As to what this means for fiscal performance, Mr Davis said: “For the first six months of the year, total revenue collections are estimated at $1.2bn, which represents a $111.5m increase over the same period of the prior year.... Tax revenue collections improved by $123.8m and stood at $1.1bn for the first six months of the fiscal year. This represents 44 percent of the budget target.

“VAT, which accounts for 54.8 percent of tax revenues, totalled $600.2m and grew by $23.7m relative to the same period in the previous year. This equates to 42.5 percent of the annual budget target. With the sustained improvement in the tourism sector, departure tax collections totalled $715m and improved by $45m relative to the previous year.

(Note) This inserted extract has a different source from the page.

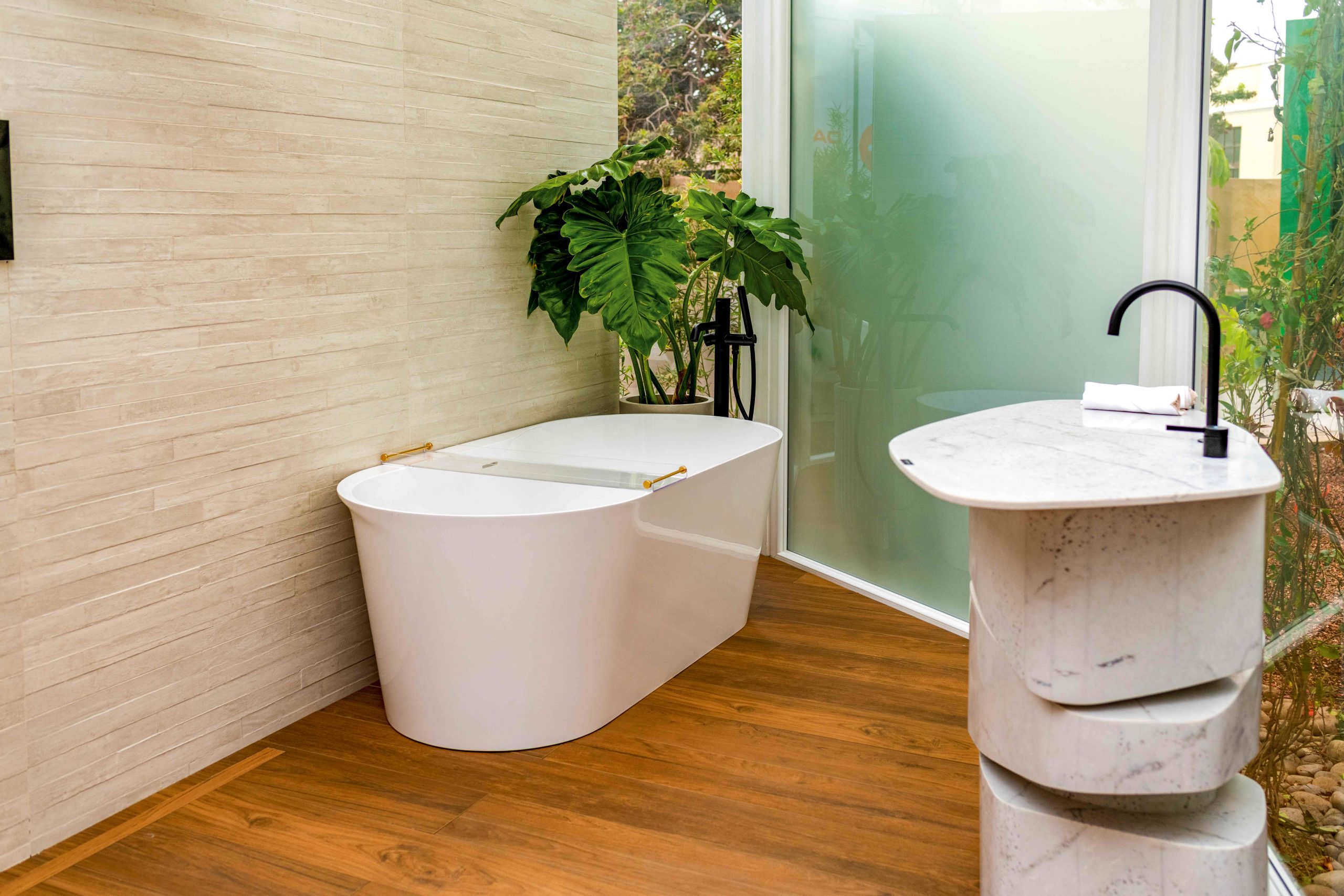 Inspirada en las dunas de Ica, en su “Suite Duna”, Olenka Marquina buscaba texturas claras, pero con carácter, así que optó por un porcelanato de Cassinelli que evoca el terrazo, con pequeñas pintas sutiles que remiten a las conchitas enterradas en la arena. Asimismo, para las jardineras y parte de la fachada, empleó listones curvos que insinúan, desde el exterior, las formas orgánicas del paisaje costero.

At the half-year mark, departure tax accounts for 73.7 percent of the Budget target.

“Likewise, Excise duties during the period improved to $120m, a $38.3m increase compared to the previous year. At the half-year mark, excise duties are at 74.3 percent of the Budget target. Stamp tax collection increased to $57.8m, an improvement of $41.4m when compared to the previous year. This makes up 72.6 percent of the total budget target at the half-year mark.”

When it came to unpaid bills, Mr Davis said they totalled $90.7m or 2.7 percent of budgeted spending. “These bills include $44.3m in unpaid bills and other obligations for state-owned enterprises, of which $30.7m in unpaid bills were to the Water and Sewerage Corporation for water purchased; $13.8m in unpaid bills to the Ministry of Tourism, Investments and Aviation, mainly for consultancy services, quality assurance and global communications.”

A further $9.9m related to unpaid bills for catastrophic healthcare services and the upkeep of community clinics via the Ministry of Health and Wellness, with some $8m due at Department of Transformation and Digitisation for unfunded contractual obligations.

Of the balance, some $5.9m was due to the Ministry of National Security for various security enhancement projects, and $5.5m to the Bahamas Agricultural and Industrial Corporation (BAIC) for insurance services and utility services.